どんな問題が入試に適しているのか?

三週間前の「定期試験考『出題はスタンダードこそ王道』」について
「孫子曰く。戦いは、正を以って合し、奇を以って勝つ(事を決するのは、正(王道)ではなく、奇をもってとするのだ)」というメールを戴いた。
そこで今回は「どんな問題が入試に適しているのか?」について述べてみたいと思う。これは「生徒の学力を計るにはどんな問題が適切なのか?」という事になると思う。
一言でいえば「記述式、出来れば論述式の問題がベスト」であると思う。
私には二人姉がいるが、いずれも「団塊の世代」で昭和時代の中盤に中学生であった。彼女達の述懐によると「私達の頃のテスト問題って『○×式』が多かったと思う」という事であった。
その後私達の頃、昭和の終盤になると「記述式問題に対応出来るのが本当の学力」「増えている記述式問題への対策は」等のフレーズが増えてきた。
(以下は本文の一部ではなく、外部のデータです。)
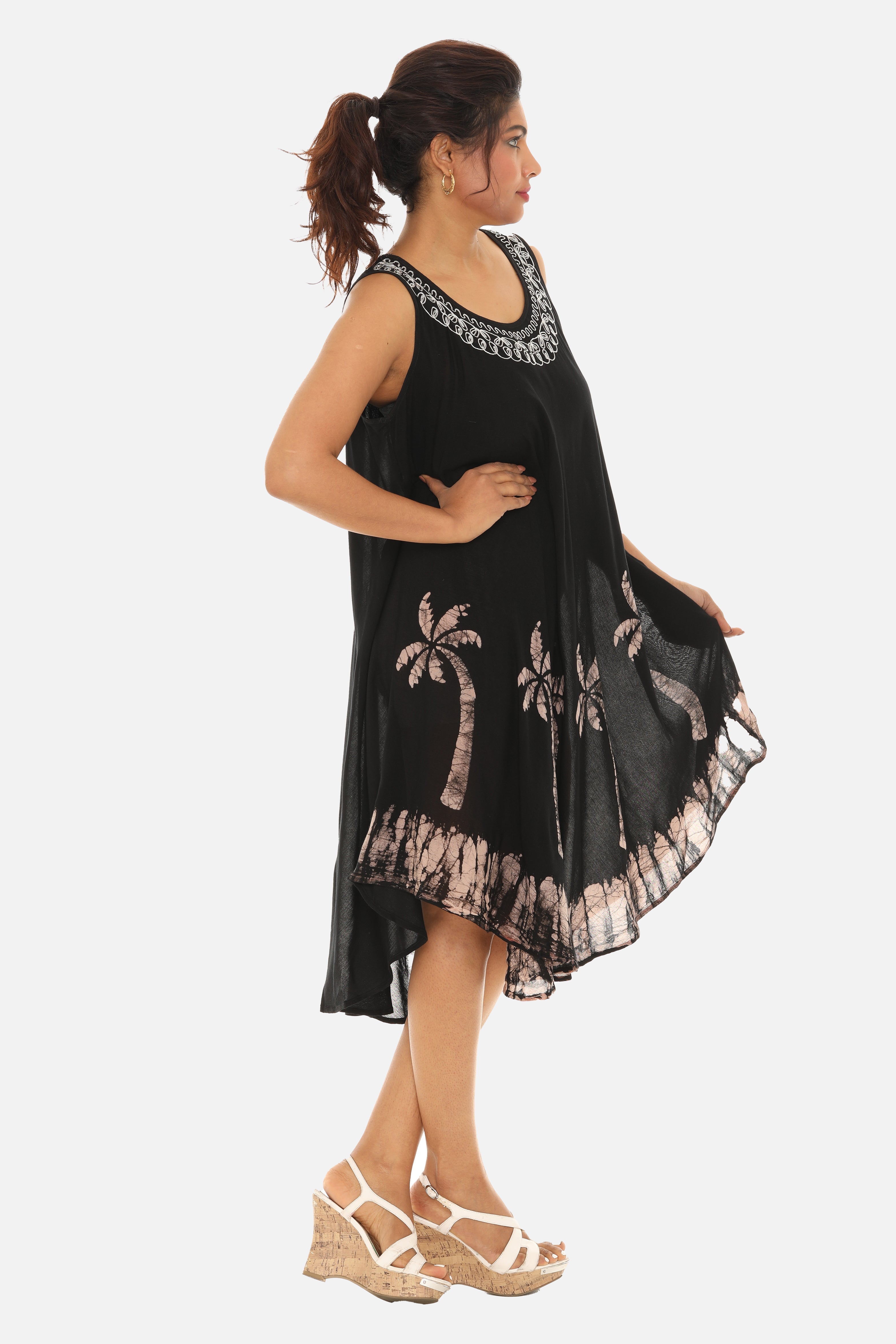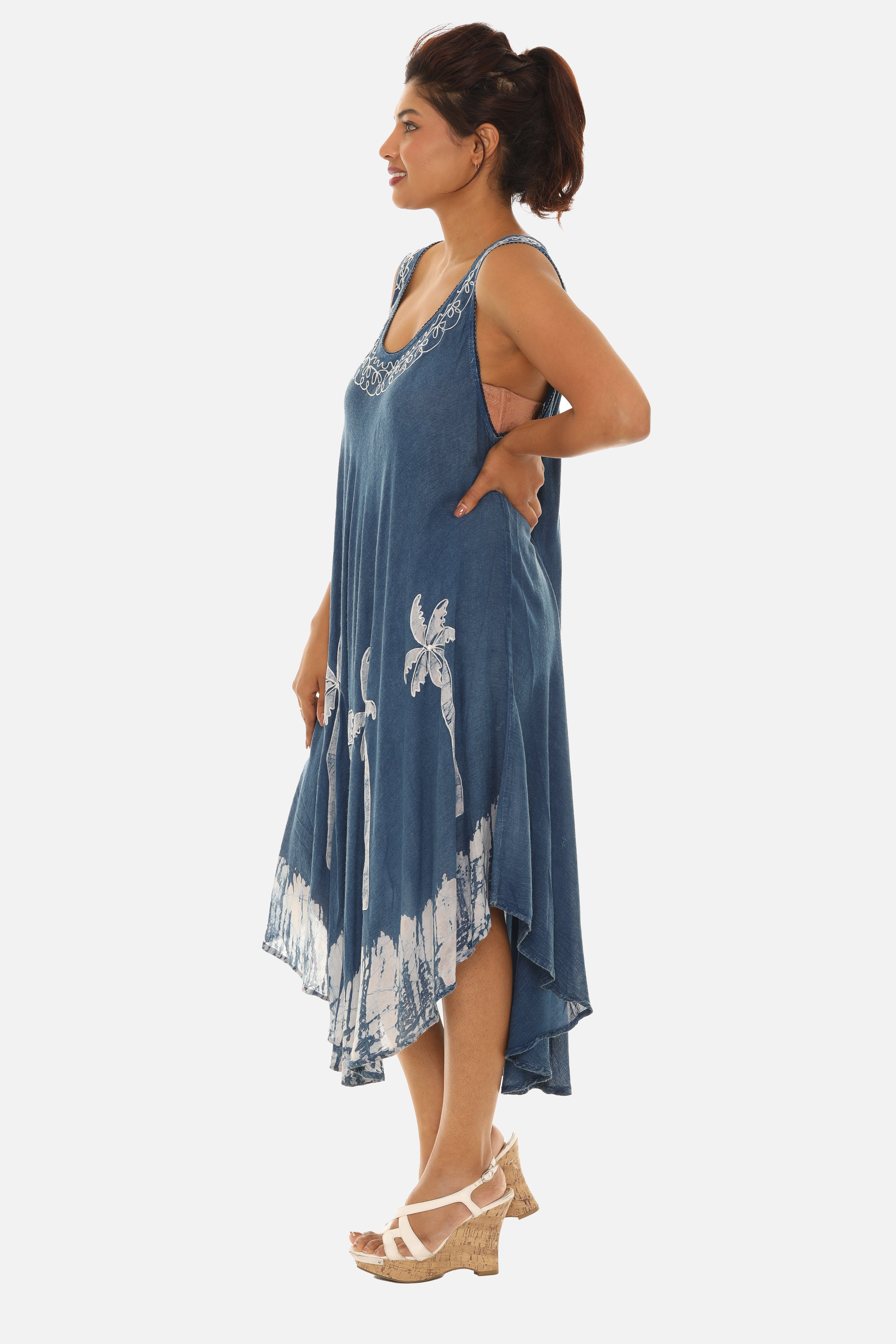 Palm Tree Batik Asymmetrical Hem Shift Dress

いわば「次の中から選びなさい」という問題が主流だったところから「これは何か書きなさい」という問題の割合が高まってきたという事だ。
確かに知識がやや曖昧であっても選択問題ならば対応出来る可能性は、きちんと答えを書かなければならない記述式問題よりも高いと考えられる。
しかし、当塾のある埼玉県の公立高校の入試ではここ数年、記述式問題、特に論述式問題の割合が高まっている。これは「なぜそうなるのか理由を書きなさい」のように文(章)で答える問題である。
こうなると単なる知識の記憶でなく、事象の理解が必要不可欠になる。そしてその鍵となるのは文章読解力と作文力である。「国語は全ての科目の基礎」という昔から言われてきた言葉は、ここに来てますます正当性が証明されてきたといえるだろう。